The Lion in the Night
African traditions of storytelling are many and varied, which comes as no surprise given the size, scale and cultural diversity of the continent whence they emerge. It's a brave ethnographer who goes in search of unifying themes: the weight of myth, fable and history - all of which go to inform modern representations of this singular art form - is overwhelming. And it is heartening to know that exponents of such forms are able to ply a compelling, and to some extent, frighteningly relevant, trade to a similar diversity of audiences here in the UK.
Where there is unanimity it is in purpose. Until the twentieth century, the history of much of Africa was agrarian, embodied in subsistence; the impulse to endure and survive in small, often isolated, settlements necessitated collective ways of thinking, planning and living. It is not difficult to see stories and storytelling developing and thriving against such a background: tales of 'the old times', regaled in images heavy with symbolism and local lore by elders, encouragers of essential traditions and guarantors of social continuity.
And performers like Nigerian-born Sola Story help to keep these traditions alive. Through representations of the physical aspects of ritualised storytelling - dance and frenetic movement - Sola encourages us to engage with our own inherent dynamism. Bringing his unique brand of 'narrative mindfulness' to Settle Stories on the 13th October, Sola will harness stories of Askari, or African warriors, and KaZimba Ngoma, meaning 'spirit of the lion in motion', in the service of effecting meaningful change in audience members' self-perception.
How, we wondered, is it possible to make fabular representations of the African experience relevant to the lives of modern audiences ? Sola gave us some clues in a recent interview:
Mythology is an expression of the collective human unconscious; a liminal map of what is possible, what is destructive and what is impossible, yet still achievable through improbable and often fantastic means. It is a numinous under/overlay of human experience, and just as Theseus's journey through the labyrinth and confrontation with the minotaur can metaphorise the heroic seeking of 21st century environmental advocates to dismantle the monstrous spectre of corporate ecological destruction, so too may African fabular representations be relevant to all people at all times. Besides, African mythology as an antecedent forms the root soil for interpretations of many of the world's heroic stories which, as Joseph Campbell said, are ultimately 'one story'.
Q. How do you go about selecting particular myths and fables from African storytelling traditions ? Do you use narratives that appear to have an especial serviceability for the cultural contexts of your audiences ?

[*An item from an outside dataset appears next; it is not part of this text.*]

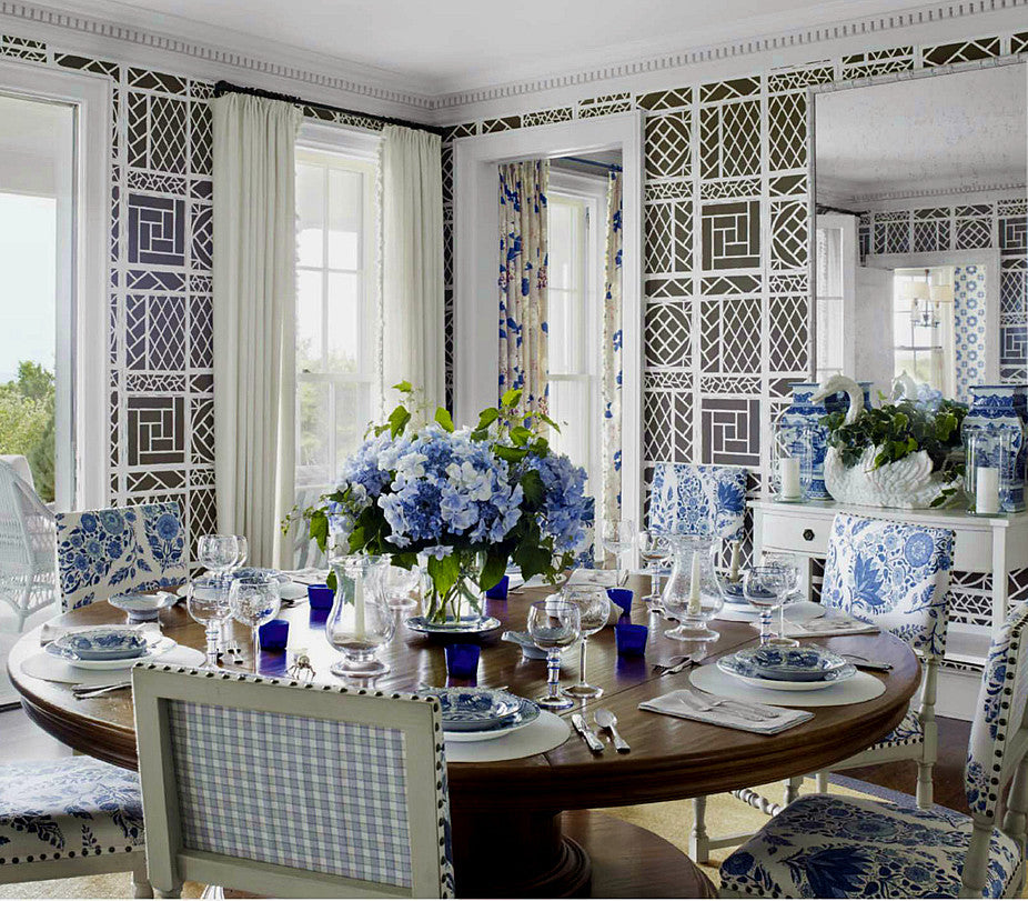 China Seas: Maze Wallpaper - Custom De Nimes on Almost White Paper (FIVE YARD MINIMUM)

The stories I select are definitely informed by the narratives I wish to engage specific audiences and participants with. I will use whole or parts of an ancient myth and even write some myself such as my ebook 'Nyinka's Daughter', published on Amazon.
Q. How important are dance and movement to the way you develop your approach, and engage with audience participants ?
I am a teacher of a warrior dance tradition called KaZimba Ngoma which informs 'Physical Storytelling' which is a unique approach to embodiment in storytelling. It is completely integrated in, and essential to, my performance and I have definitely been known to engage with audience participants through these movements!
Q. Are stories and storytelling still significant amongst African cultures ?
I do not know of any African descendant culture either on the continent or in the diaspora where storytelling is not an integral part of that culture. The storyteller is still very much a live and vibrant, essential component of African society!